I have never been a fan of having a second battery in the Westy. I think that the weight/cost penalty is greater than the benifit. Unless you have great electrical needs and you park for days at a time, I found that having only one battery worked fine. (The catch is not to run the fridge on 12vdc when parked, but rather light the fridge instead).

I have also never been comfortable with a mix of battery sizes and types and ages in the same charging system. In solar applications it causes no end of aggrivation. The weakest battery in the string will determine the performance of the entire string. In solar service you should never place a new battery in the string that is more than 6 months newer than the rest, or you will degrade the entire string.
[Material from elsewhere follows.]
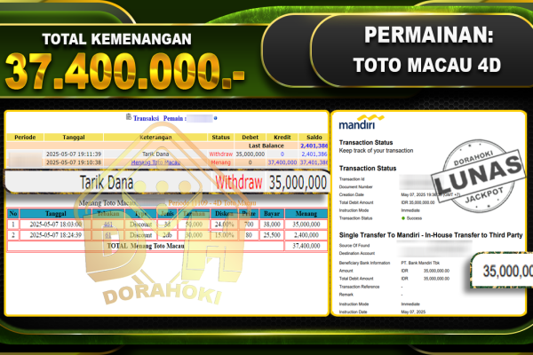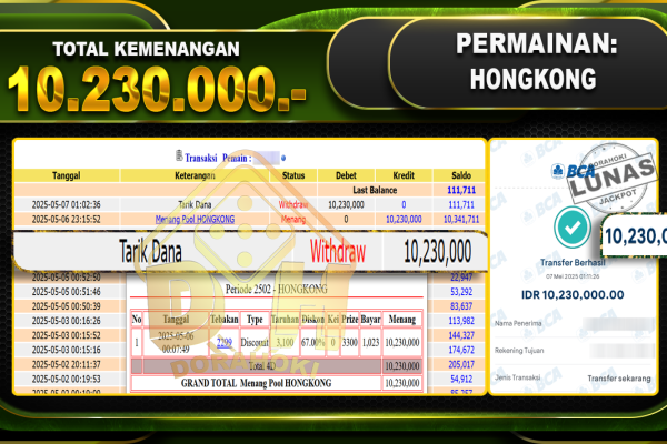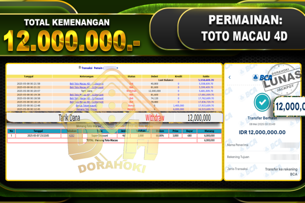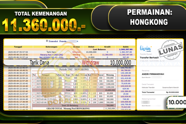 Bukti JP TOGEL HONGKONG – ucapkan selamat kepada user id Sunxxx atas kemenangan di TOGEL HONGKONG dengan total kemenangan Rp 12.000.000,- . Yang pasti nya langsung LUNAS sesuai bukti ya bosku. Dorahoki nih bosku berapapun akan tetap kami bayar lunas ya bosku. Kami mengucapkan Terima Kasih telah mempercayakan DORAHOKI sebagai Bandar Online pilihan dalam bermain…

Bottom line for me was, save the money/weight/expense and gain a great storeage spot under the drivers seat.

Icarus

PS Sorry Capt. a bit off topic. Delete if needed.
 

icarus

Moderator
As Capt. Mike would say,,,do the math. If you calculate the amp/hour capacity of the battery, the amp/hour draw of the fridge, you should be able to get a rough idea of if it is line with what the battery should put out. (I don't know what these numbers are).
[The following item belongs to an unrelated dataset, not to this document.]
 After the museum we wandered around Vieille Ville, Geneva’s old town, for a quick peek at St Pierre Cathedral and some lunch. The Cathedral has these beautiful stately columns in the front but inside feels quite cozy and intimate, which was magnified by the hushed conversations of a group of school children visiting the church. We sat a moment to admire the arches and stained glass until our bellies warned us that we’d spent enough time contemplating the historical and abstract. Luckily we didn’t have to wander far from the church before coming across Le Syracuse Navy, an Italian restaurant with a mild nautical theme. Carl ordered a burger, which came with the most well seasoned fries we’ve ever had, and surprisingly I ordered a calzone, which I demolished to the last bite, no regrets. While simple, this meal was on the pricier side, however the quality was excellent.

If memory serves +-12.24vdc is about 50% state of charge in a flooded battery. +-12.45 is about 75%s.o.c. If you can't get the battery to 12.6+- there is something wrong with the battery. If your battery was fully charged, my intuition says that it shouldn't be close to 50% s.o.c. with 20 minutes of fridge use. Remember, that to get the longest service out of "deep c and cycle" batteries, they should not routinly be discharged more than 20% and then recharged as quickly as possible. In solar service, I strive to keep my battery bank at least at 90%. I'm ten years into a battery bank that was warrented for 6. Still going strong.

Icarus
 

qbini

New member
Hi All.
I have a US 87 Westy Full Camper. She is aux battery ready. I have read thru the posts and question whether i need the second battery. I don't use the fridge on 12v much. But here's my question - i am paranoid about running the battery down using the lights, radio etc. while camping. We camp in alot of places where we're not like to find a jump. I'd rather not re-wire the beast to run accessories off the 2nd battery. So, now i'm thinking of installing the second battery and using it only for engine starts or to jump if i run down the main.

I'd install the aux(same batt as main), disconnect the relay for the fridge and sink. Rewire to act as main for starting. Does that make any sense at all? Is it a bad idea? Does it sound doable?
thanks,
kevin

btw, this site is awesome. I've had my westy for 5 years now and could not have survived without the information post here. Thanks!